## What is required
Copy the lines below exactly, starting with the first and finishing with the one holding "Apresentamos o Top"; do not copy the pictures.

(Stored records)
========================

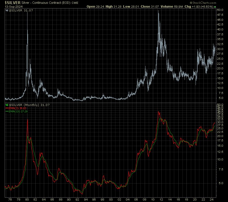 So ganz langfristige Betrachtungen sind natürlich nach chart- oder formationstechnischen Kriterien fragwürdig bis infaust. Ganz im Gegensatz zu kürzeren Zeitfenstern wo wirklich frappieren gute Ergebnisse erzielt werden können. Aber langfristig betrachtet geben , beispielsweise inflationsbereinigte Betrachtung oder langfristige Ratios doch einen ganz guten Anhaltspunkt darüber , was möglich ist . Möglichkeiten sagen natürlich nichts über Wahrscheinlichkeiten. Wobei ’reversion to the mean‘ schon soetwas wie naturgesetzlichen Charakter hat. Und die charttechnischen Betrachtungen/Beobachtungen der edlen Metalle müssen , selbstredend, immer im Kontext der Kenntnis der Fragilität unseres Schuldgeldsystems gesehen werden. In Kenntnis dessen kann der (ausreichend) physisch Investierte kurz und mittelfristige Markt- bzw. Preisschwankungen maximal entspannt betrachten und sich auch ’charttechnischen Spielereien‘ hingeben. Spielereien die für mich dennoch mehr als einen Funken ’Prognosequalität‘ beinhalten.
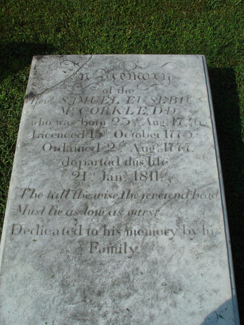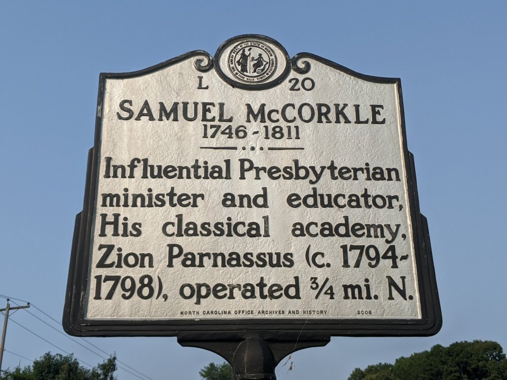 Samuel Eusebius McCorkle is buried at Thyatira Presbyterian Church Cemetery, Mill Bridge, North Carolina.McCorkle Place on the campus of the University of North Carolina at Chapel Hill is named for Samuel Eusebius McCorkle.Thyatira Presbyterian Church in Salisbury, North Carolina, where Samuel Eusebius McCorkle served as pastor.Historical marker located in Salisbury, North Carolina.
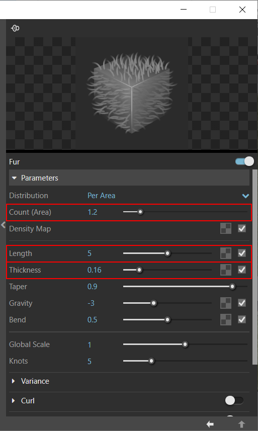 해당 Fur 을 클릭하고, Count(털 갯수) - Length(털 길이) - Thickness(털 두께) 값을 수정해줍니다.
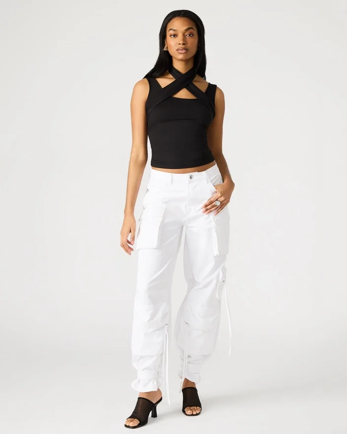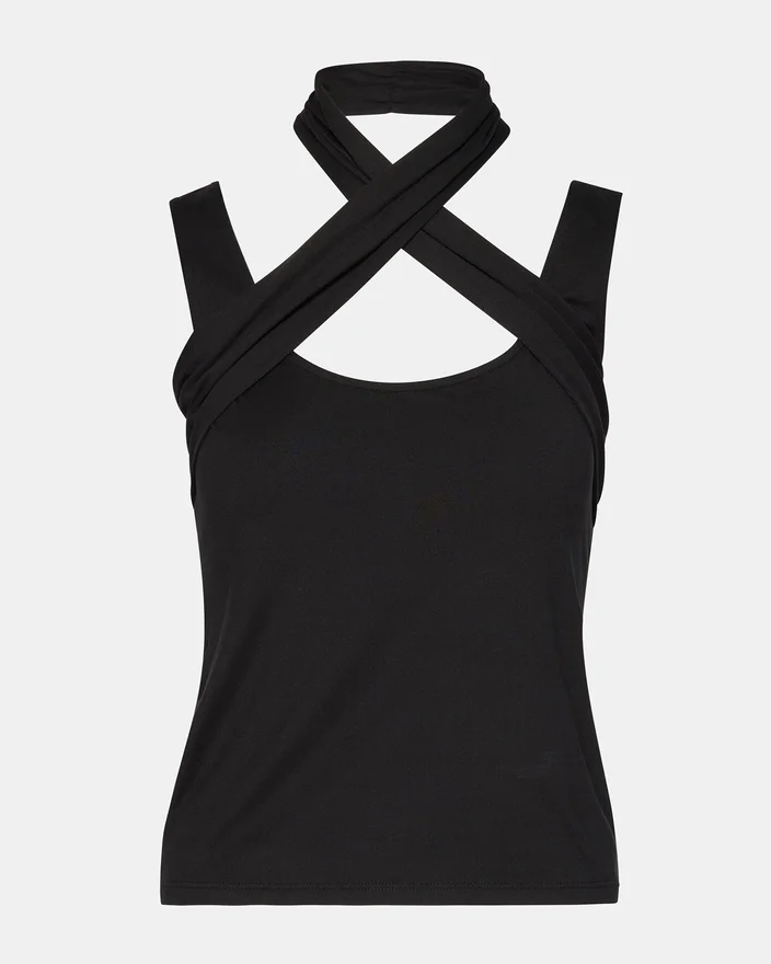 Apresentamos o Top Percy, uma camisola sem mangas com um design cruzado único. Este top oferece um estilo vanguardista com o seu design inovador, perfeito para marcar a diferença. Fabricado com materiais de alta qualidade para um ajuste confortável.
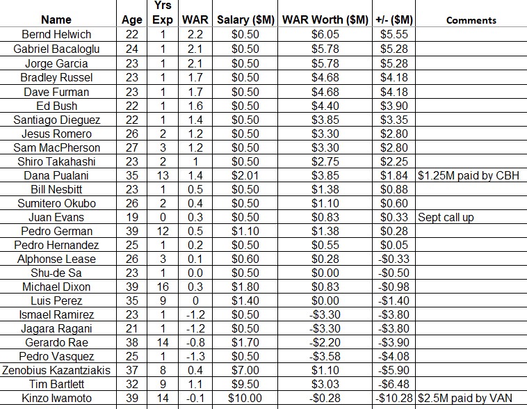 The top three in return of performance versus salary are C Bernd Helwich ($5.55M), 1B Gabriel Bacaloglu ($5.28M) and 3B Jorge Garcia ($5.28M).
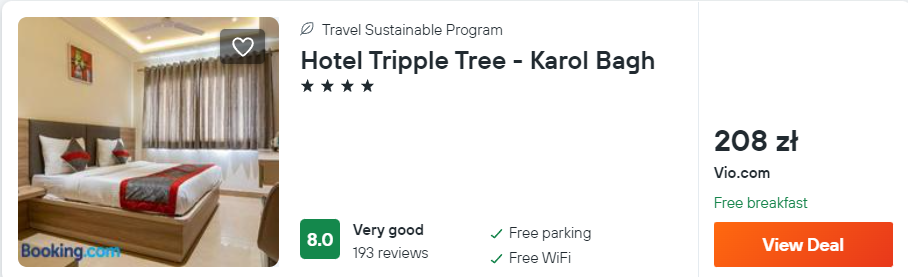 W Nowym Delhi postaw na 4* hotel Tripple Tree – Karol Bagh. Dotychczasowi goście bardzo dobrze oceniają pobyt w tym miejscu. W cenę noclegu zostało wliczone śniadanie.

========================

## Result
 So ganz langfristige Betrachtungen sind natürlich nach chart- oder formationstechnischen Kriterien fragwürdig bis infaust. Ganz im Gegensatz zu kürzeren Zeitfenstern wo wirklich frappieren gute Ergebnisse erzielt werden können. Aber langfristig betrachtet geben , beispielsweise inflationsbereinigte Betrachtung oder langfristige Ratios doch einen ganz guten Anhaltspunkt darüber , was möglich ist . Möglichkeiten sagen natürlich nichts über Wahrscheinlichkeiten. Wobei ’reversion to the mean‘ schon soetwas wie naturgesetzlichen Charakter hat. Und die charttechnischen Betrachtungen/Beobachtungen der edlen Metalle müssen , selbstredend, immer im Kontext der Kenntnis der Fragilität unseres Schuldgeldsystems gesehen werden. In Kenntnis dessen kann der (ausreichend) physisch Investierte kurz und mittelfristige Markt- bzw. Preisschwankungen maximal entspannt betrachten und sich auch ’charttechnischen Spielereien‘ hingeben. Spielereien die für mich dennoch mehr als einen Funken ’Prognosequalität‘ beinhalten.
 Samuel Eusebius McCorkle is buried at Thyatira Presbyterian Church Cemetery, Mill Bridge, North Carolina.McCorkle Place on the campus of the University of North Carolina at Chapel Hill is named for Samuel Eusebius McCorkle.Thyatira Presbyterian Church in Salisbury, North Carolina, where Samuel Eusebius McCorkle served as pastor.Historical marker located in Salisbury, North Carolina.
 해당 Fur 을 클릭하고, Count(털 갯수) - Length(털 길이) - Thickness(털 두께) 값을 수정해줍니다.
 Apresentamos o Top Percy, uma camisola sem mangas com um design cruzado único. Este top oferece um estilo vanguardista com o seu design inovador, perfeito para marcar a diferença. Fabricado com materiais de alta qualidade para um ajuste confortável.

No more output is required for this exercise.